Лев закрыл глаза, голова медленно стронулась с места, в теле появилась какая-то холодящая нутро сила. Ему показалось, что стоит лишь чуть привстать, чуть толкнуться и взлетишь плавно и бесшумно, без всяких усилий и яростных движений. Просто распирающая изнутри подъемная сила воспарит тебя вверх, главное успеть плотно сжать челюсти, чтобы она, эта самая сила, не выскочила из него, как наполненный гелием пузырь,  и не улетела бы одна. Лев открыл глаза и увидел себя с высоты птичьего полета – одинокого, сгорбленного маленького человека, неловко пристроившегося на древнем валуне посреди простирающегося до горизонта безжизненного вулканического плато – этой бескрайней Долины смерти.

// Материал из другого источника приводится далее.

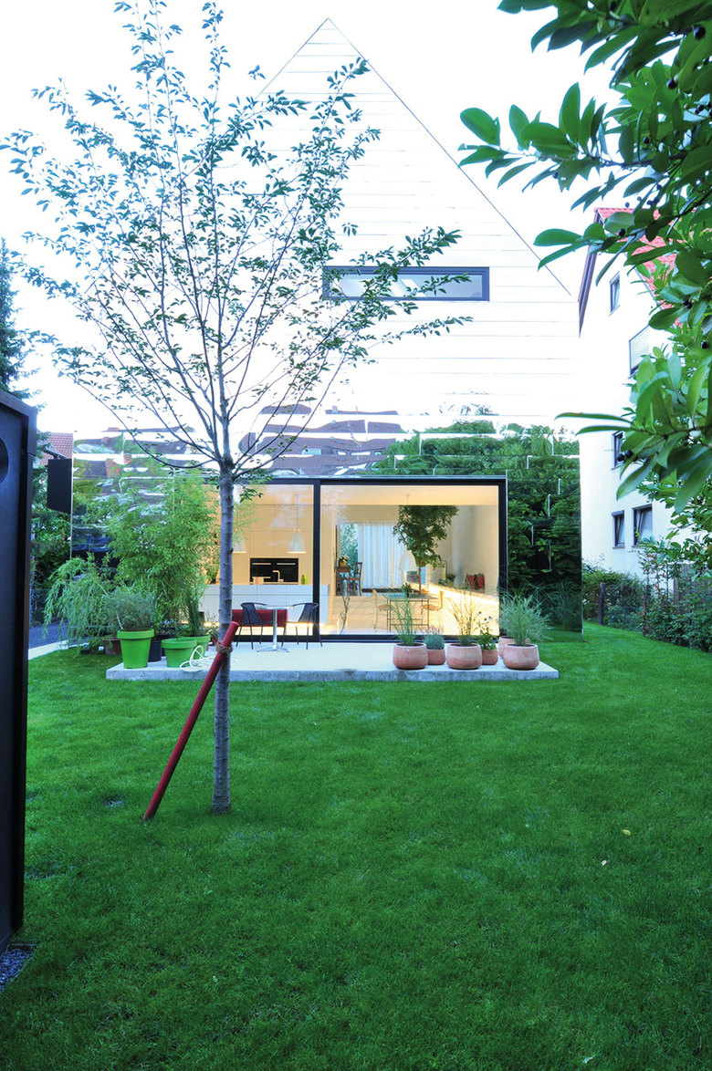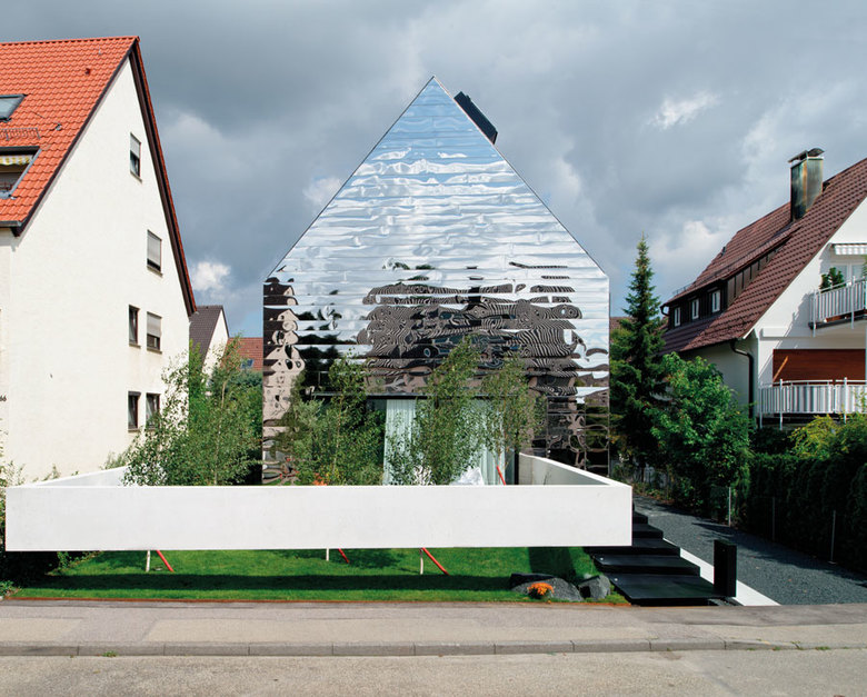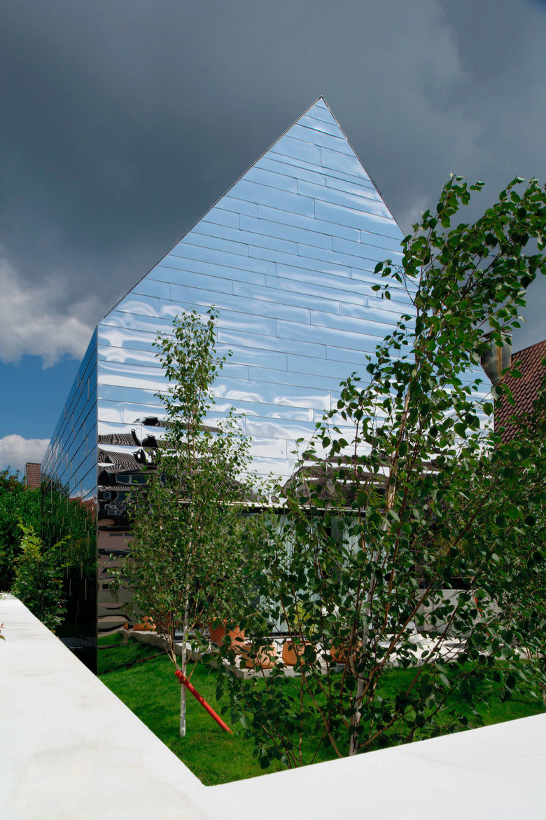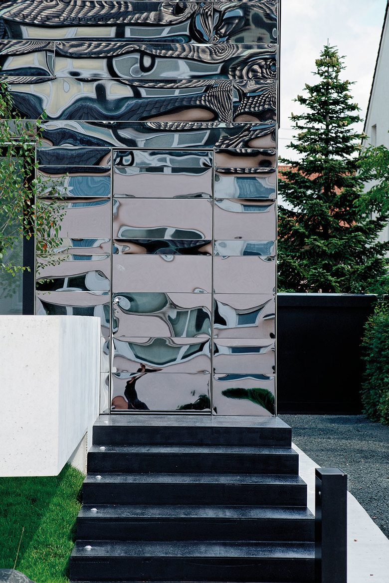 Außen spiegelt die Edelstahlhaut ihre Umgebung wider, will durch Entmaterialisierung quasi in ihr untergehen und sorgt so für eine Anpassung an die vorhandenen Strukturen ohne sich diesen anzubiedern.

В этот момент, так и не успев до слезы пожалеть себя – одинокого и несчастного, – он вдруг вспомнил, зачем пришел в эту Долину. Тело сразу же налилось возвратившейся тяжестью, грезы рассыпались, будто от налетевшего порыва ветра, и  он вновь почувствовал жесткость камня, с которого же, конечно, никуда и не взлетал, а вместо взлетно-подъемной силы в груди вновь кольнула развернувшаяся пружина душевной боли. «Пожалуй, хватит уходить от главного, вспоминать можно целый год, слава богу, жизнь прожита насыщенная, всего и не переберешь, а вот от главного все-таки уходить в сторону не стоит» - упрекнул себя Лев, и боль еще сильнее сжала сердце. Пора прекращать этот иллюзион, перегреты моторы проекторов, как сказал когда-то Визбор, лишь остался на губах горьковатый привкус, а перед глазами с немыслимой быстротой запестрели кадры из старого кино: вот Маша, а это Люська – смеющаяся и счастливая, а это Машка-маленькая – толстощекий карапуз, пытается встать на непослушные ножки, а это уже Серега Донцов – худой и бледный после подвального плена, чудом оставшийся в живых, с глазами, заполненными серым пеплом, не верящий больше в людей, а это бывшие друзья и соратники – Сашка Хитров и Шура Рашков – молодые, жизнерадостные пацаны, с которыми он ходил в горы и играл в студенческом театре, неужели они могли превратиться с годами в этих монстров-предателей, но лица их уже промелькнули, а лента продолжала с треском крутиться и рваться на куски.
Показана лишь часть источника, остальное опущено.